Some of the most critical aspects of these biotechnologies are in vitro collecting, slow growth, and cryopreservation. Tissue culture itself provides a fundamental basis for in vitro germplasm cultivation whilst also being a supporting platform for cryopreservation and other storage methods. The development of these storage methods has provided the possibility of establishing extensive germplasm collections with a vast genetic diversity. Slow-growth storage techniques are slightly more advanced than cryopreservation techniques as more research into species specific protocols is required before cryopreservation can be utilised extensively for a wide range of flora.
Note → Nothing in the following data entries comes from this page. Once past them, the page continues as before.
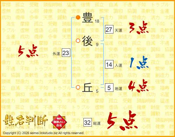 生活面を象徴する運勢です。外部から受ける影響力を表し、結婚運、家庭運や職場、環境への順応性を表します。総運から人運を引いた画数。姓や名が1文字の場合を除く。
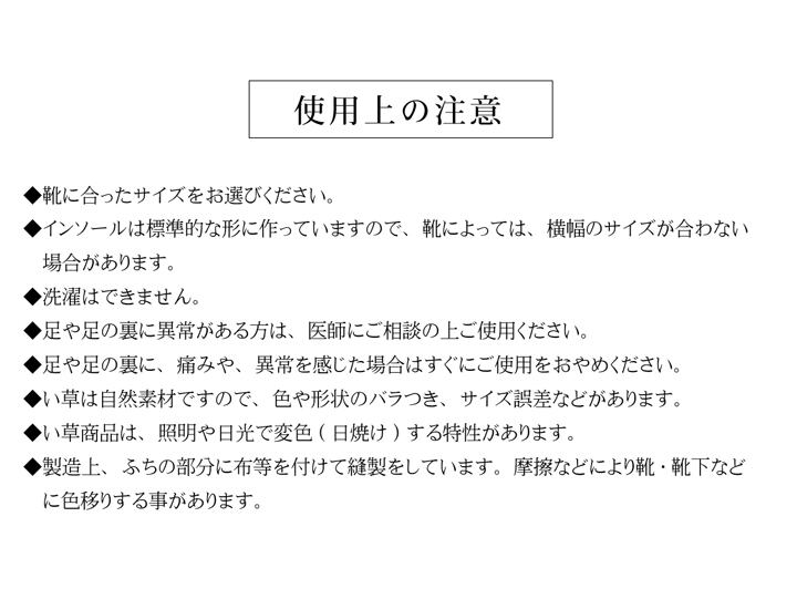 い草を使用したインソールです。い草の消臭効果・湿度調整機能で、蒸れを抑え、臭いを消臭する効果があります。革靴やスニーカーなどにもおすすめです。サイズは22cmから27cmまでご用意しています。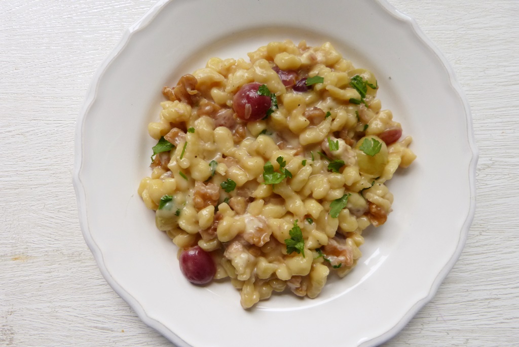 Pizokel sind sozusagen schweizerische Spätzle. Bisher kannte ich nur die dicken Pizzoccheri, die mit Kohl und Käse serviert werden. Diese Variante hier wird durch ein Spätzlesieb gepresst und mit Trauben und Walnüssen serviert. Abgelöscht wird mit einer ordentlichen Menge weißem Balsamico und der Käse der Wahl ist Taleggio. Das ist ein sehr schön ausgewogenes Gericht, das uns richtig begeistert hat. Allerdings ist es auch eine echte Bergsteigerportion.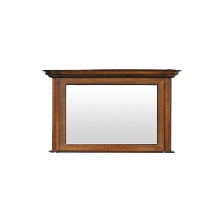 The features of the mirror are the classic design in antique cherry colours, the construction in oak veneer and solid wood, the decorative crown of the frame and the large glass surface of the mirror.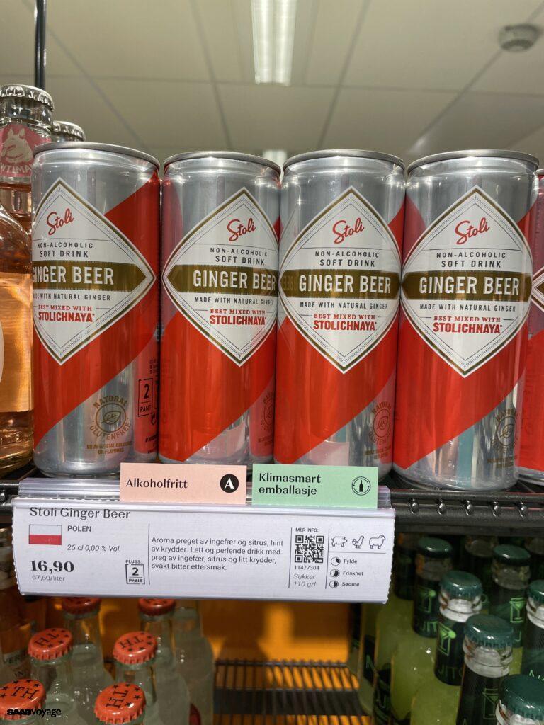 Następnym celem była Lakselva. W przewodniku z 2011 była wzmianka, że w tej miejscowości znajduje się najbardziej wysunięty na północ zakład produkujący wino. Ale niestety w lokalnym sklepie z alkoholem nikt nic nie wiedział, a pod podanym w przewodniku adresem też nic nie było. Z ciekawostek w tymże sklepie znaleźliśmy lokalne polskie specjały. Zupełnie nam nieznane (piwo imbirowe do picia z wódką Stoliczną). Mimo że na puszce faktycznie wymieniony był producent z Łodzi. Wniosek z tego taki, że informacje w przewodnikach mają skłonność do dezaktualizacji.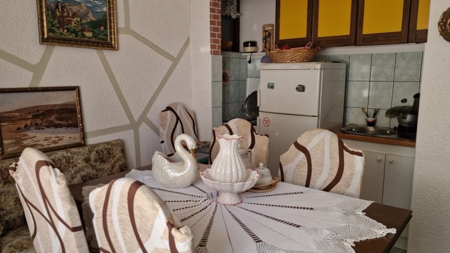 U prizemlju kuće smještena je dnevna soba s blagavaonom i kuhinjom , te manji wc.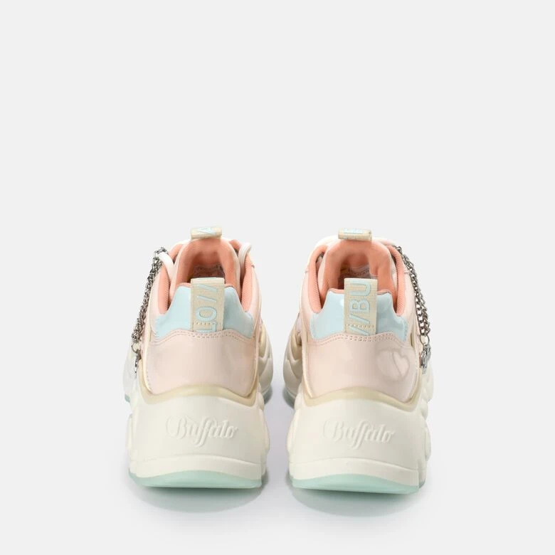 Pastellfarben sind nach wie vor DER Trend schlechthin und machen den Binary Sneaker zu einem girly Accessoire für Alltagslooks. In Rosé, Weiß und Babyblau gestaltet, lässt sich dieser Sneaker super zu luftigen Sommeroutfits wie auch modernen Winterlooks kombinieren. Abgerundet wird der coole Look von einem markanten Logo-Anhänger am Schaft.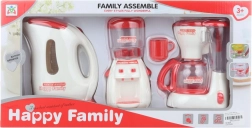 Ta komplet kuhinjskih aparatov je idealna izbira za otroke od 3 let dalje. Vsebuje tri različne naprave, zasnovane tako, da simulirajo prave kuhinjske aparate in otrokom nudijo veliko zabave ter ustvarjalnosti pri igri. Vsak aparat je napajan z baterijami, ki posnemajo dejansko delovanje.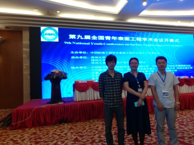 欧博abg官网谢彦和陈宇二位老师于2017年5月24日-26日参加了在苏州市举办的第九届全国青年表面工程学术会议。本次大会的主题是“面向中国制造2025-多学科交叉表面工程技术”。会议设大会主旨报告、特邀报告、分会报告、展览交流等多种形式。会议目的在于为全国青年表面工程工作者提供自由和活跃的学术交流平台,就实际工程应用中所暴露/驱动的表面工程技术及其交叉领域内的瓶颈/热点问题,特别是装备制造业性能提升、产业改造升级、节能降耗减排、环境友好型、能源节约型等高技术应用等问题展开讨论。

While all the technologies mentioned above do provide excellent potential for future conservation and there is a real need for widespread training and collaboration they are expensive and as a large proportion of the worlds threatened taxa are located in developing countries it may pose problems for the future. Networking and exchanging ideas, information and material between in vitro facilities, botanic gardens, research centres and learning institutions at a regional, national and international level will be of particular importance to any large scale conservation effort. Also as people become more aware of man's impact on the planet there is a greater need for the broadening and availability of information and the direct participation of those people be they farmers, tribes, villagers, walkers, hunters etc.